• Stored data:
╭──
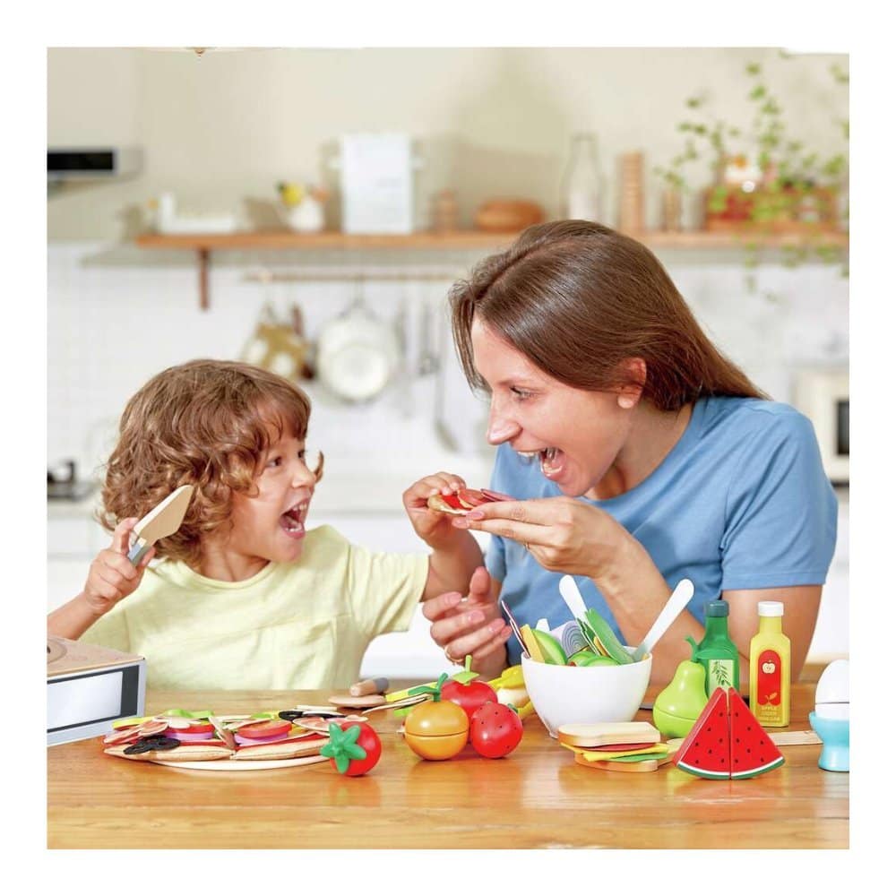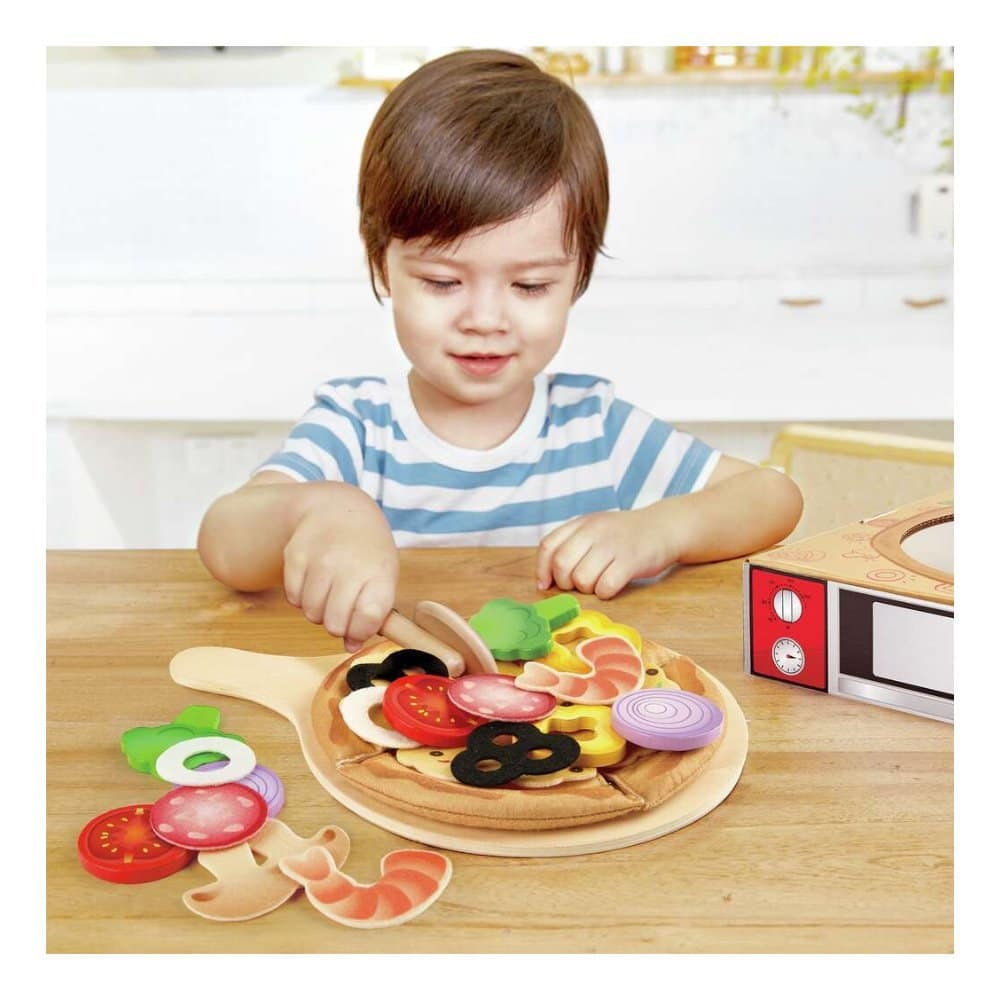 Seti përfshin bazën e picës që mund të ndahet në feta, një prerëse dhe shumë elementë shtesë që e bëjnë lojën më realiste dhe tërheqëse. Përmes kësaj loje, fëmija zhvillon kreativitetin dhe ndërton histori të ndryshme si një kuzhinier i vogël.
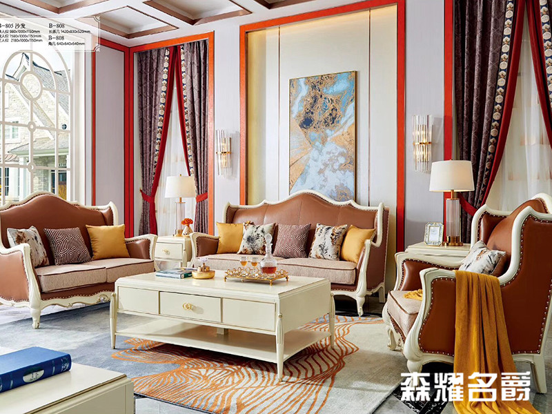 森耀名爵家具欧式极简客厅金楸檀木实木B-805沙发茶几组合
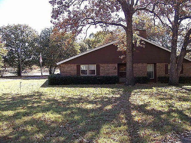 Heavenly country retreat near Lake Texoma. This brick home beauty has a shared lake, beautiful trees and pasture with loafing shed, tack room, workshop and large detached garage. The sun room would make an ideal office or play room for the kids.
╰──
• Activity: Without any pictures, return the material above exactly.

• Response below:
 Seti përfshin bazën e picës që mund të ndahet në feta, një prerëse dhe shumë elementë shtesë që e bëjnë lojën më realiste dhe tërheqëse. Përmes kësaj loje, fëmija zhvillon kreativitetin dhe ndërton histori të ndryshme si një kuzhinier i vogël.
 森耀名爵家具欧式极简客厅金楸檀木实木B-805沙发茶几组合
 Heavenly country retreat near Lake Texoma. This brick home beauty has a shared lake, beautiful trees and pasture with loafing shed, tack room, workshop and large detached garage. The sun room would make an ideal office or play room for the kids.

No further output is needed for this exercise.